As an owner of a small cotton mill, Daniel Anthony had the means to provide for his daughter’s education. A precocious child, Anthony took full advantage of her opportunities, first attending the village school and later receiving private instruction from a tutor hired by her father. At the age of seventeen, Anthony left with her older sister Guelma for a Quaker boarding school in Philadelphia. Anthony’s seminary training, however, was cut short by the Panic of 1837. With mounting business debts, Daniel Anthony was forced to auction his cotton mill, homestead, furniture, and even personal belongings, and to relocate as a dirt farmer on a small tract of land outside Rochester, New York.
In response to the family crisis, Susan Anthony left boarding school, secured a teaching position, and began sending half of her two-dollar weekly salary home to the family. For the next decade, Anthony remained in the classroom, instructing her pupils in the three R’s, even as she augmented her own education with extensive reading and study.
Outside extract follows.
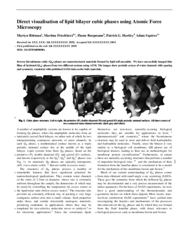 Rittman, M., Frischherz, M., Burgmann, F., Hartley, P. G. and Squires, A. (2010) Direct visualisation of lipid bilayer cubic phases using Atomic Force Microscopy. Soft Matter, 6 (17). pp. 4058-4061. ISSN 1744-683X doi: 10.1039/c002968h

Intelligent yet unpretentious, Anthony matured into an athletic, tall, and slender woman with thick brown hair and warm blue eyes. Hardly the ugly, unsexed “battle-ax” her future enemies portrayed her to be, Anthony was courted by several suitors and remained single largely because none of her admirers, in her opinion, equaled her father in character or conviction.
Like her father, Anthony was a reformer who yearned for a society free from the evils of slavery and alcoholism. An idealist but not a dreamer, Anthony worked actively in these reform efforts, serving during her twenties as president of the Canajoharie Daughters of Temperance. In 1849, at her father’s request, Anthony resigned from teaching to take over management of the family farm near Rochester. This relocation enabled Daniel Anthony to devote his full attention to a new business venture (an insurance agency that eventually made him prosperous again). The move also allowed Anthony to commit herself more fully to reform activity.
Life’s Work
While still a teacher in Canajoharie, Anthony read a newspaper account of a meeting in nearby Seneca Falls, where a group of sixty-eight women and thirty-two men issued a Declaration of Women’s Rights. This declaration demanded free education, equality of economic opportunity, free speech, the right to participate in public affairs, and the right to vote. As a schoolteacher making only one-third the salary of her male colleagues, Anthony sympathized with many of these demands for equal rights. Her Quaker upbringing, however, had convinced her that no person should participate in a government that waged war or condoned slavery, and she was thus not yet ready to take up the cause of women's suffrage.

In 1851, while attending an antislavery lecture in Seneca Falls, Anthony met the renowned Elizabeth Cady Stanton . The two women developed an instant friendship that led to a strong partnership in reform work. Together they organized the Woman’s State Temperance Society of New York and petitioned the state legislature for a prohibition law. On numerous occasions during the 1850s, Anthony left Rochester for Seneca Falls to care for Stanton’s children while their mother was away on speaking tours.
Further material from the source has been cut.